A Little Bit of Math for log()

  • The logarithm function, \(y = \log_{b}\,(\,x\,)\), looks like ….

  • \(\log_{10}\,(\,100\,)\): the base \(10\) logarithm of \(100\) is \(2\), because \(10^{2} = 100\)

  • \(\log_{e}\,(\,x\,)\): the base \(e\) logarithm is called the natural log, where \(e = 2.718\cdots\) is the mathematical constant, the Euler’s number.

  • \(\log\,(\,x\,)\) or \(\ln\,(\,x\,)\): the natural log of \(x\) .

  • \(\log_{e}\,(\,7.389\cdots\,)\): the natural log of \(7.389\cdots\) is \(2\), because \(e^{2} = 7.389\cdots\).

The use of log()

NYC Housing Sales

library(tidyverse)
sale_df <- read_csv(
  "https://bcdanl.github.io/data/home_sales_nyc.csv")
  • sale_df contains data for residential property sales from September 2017 and August 2018 in NYC.
    • Let’s focus on sale.price, a property’s sales price.

The use of log()

Percentage Change

1. We should consider using a logarithmic scale when percent change, or change in orders of magnitude, is more important than changes in absolute units.

  • For small changes in variable \(x\) from \(x_{0}\) to \(x_{1}\), the following can be shown:

\[\Delta \log(x) \,= \, \log(x_{1}) \,-\, \log(x_{0}) \approx\, \frac{x_{1} \,-\, x_{0}}{x_{0}} \,=\, \frac{\Delta\, x}{x_{0}}.\]

  • For example, a difference in sale.price of $10,000 means something very different across people with different income/wealth levels.

The use of log()

Wide Range of Skewed Data

2. We should consider using a log scale when a variable is heavily skewed. - It can help visualize both small and large values effectively.

ggplot(sale_df, 
       aes(x = sale.price), 
       bins = 500) +
  geom_histogram()

Statistical Transformation

Statistical Transformation

  • Many graphs, including bar charts, calculate new values to plot:

    • geom_bar(), geom_histogram(), and geom_freqpoly() bin our data and then plot bin counts, the number of observations that fall in each bin.

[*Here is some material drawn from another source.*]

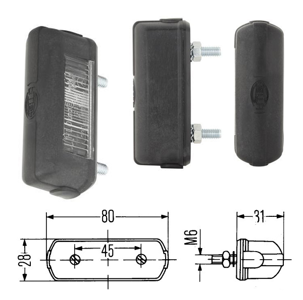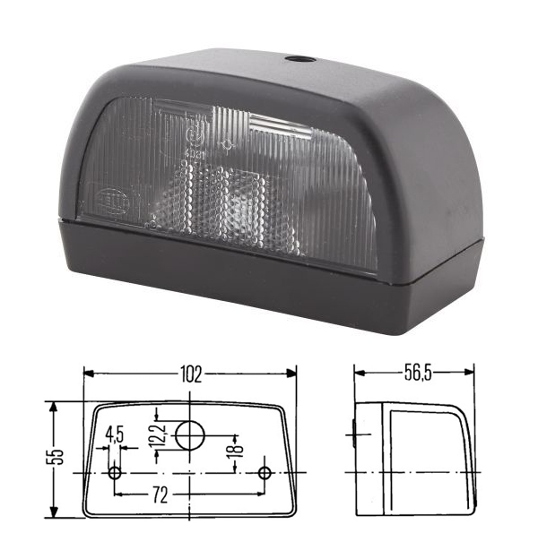 Fanale targa tipo HELLA base pianacon passacavo. Misure: 82 X 30 X 32 Confezione pz.: 1...

    • geom_boxplot() computes a summary of the distribution and then display a specially formatted box.

    • geom_smooth() fits a model to our data and then plot predictions from the model.

Statistical Transformation

  • Bar charts seem simple, but they are interesting because they reveal something subtle about plots.

  • Consider a basic bar chart, as drawn with geom_bar().

  • The following bar chart displays the total number of diamonds in the ggplot2::diamonds data.frame, grouped by cut.

  • The diamonds data.frame comes in ggplot2 and contains information about ~54,000 diamonds, including the price, carat, color, clarity, and cut of each diamond.

Statistical Transformation

  • geom_bar() bins our data and then plot bin counts, the number of observations that fall in each bin.
ggplot(data = diamonds) + 
  geom_bar(mapping = aes(x = cut))

Statistical Transformation

  • The algorithm used to calculate new values for a graph is called a stat, short for statistical transformation.

  • The figure below describes how this process works with geom_bar().

Bar Charts Aethetics

color and fill aesthetic

  • We can color a bar chart using either the color aesthetic, or, more usefully, fill.
ggplot(data = diamonds) + 
  geom_bar(mapping = 
             aes(x = cut, 
                 color = cut))

Bar Charts Aethetics

color and fill aesthetic

ggplot(data = diamonds) + 
  geom_bar(mapping = 
             aes(x = cut, 
                 fill = cut))

Statistical Transformation

Observed Value vs. Number of Observations

  • There are three reasons we might need to use a stat explicitly:
    1. We might want to override the default stat.
    2. We might want to override the default stat()
    3. We might want to use stat_summary().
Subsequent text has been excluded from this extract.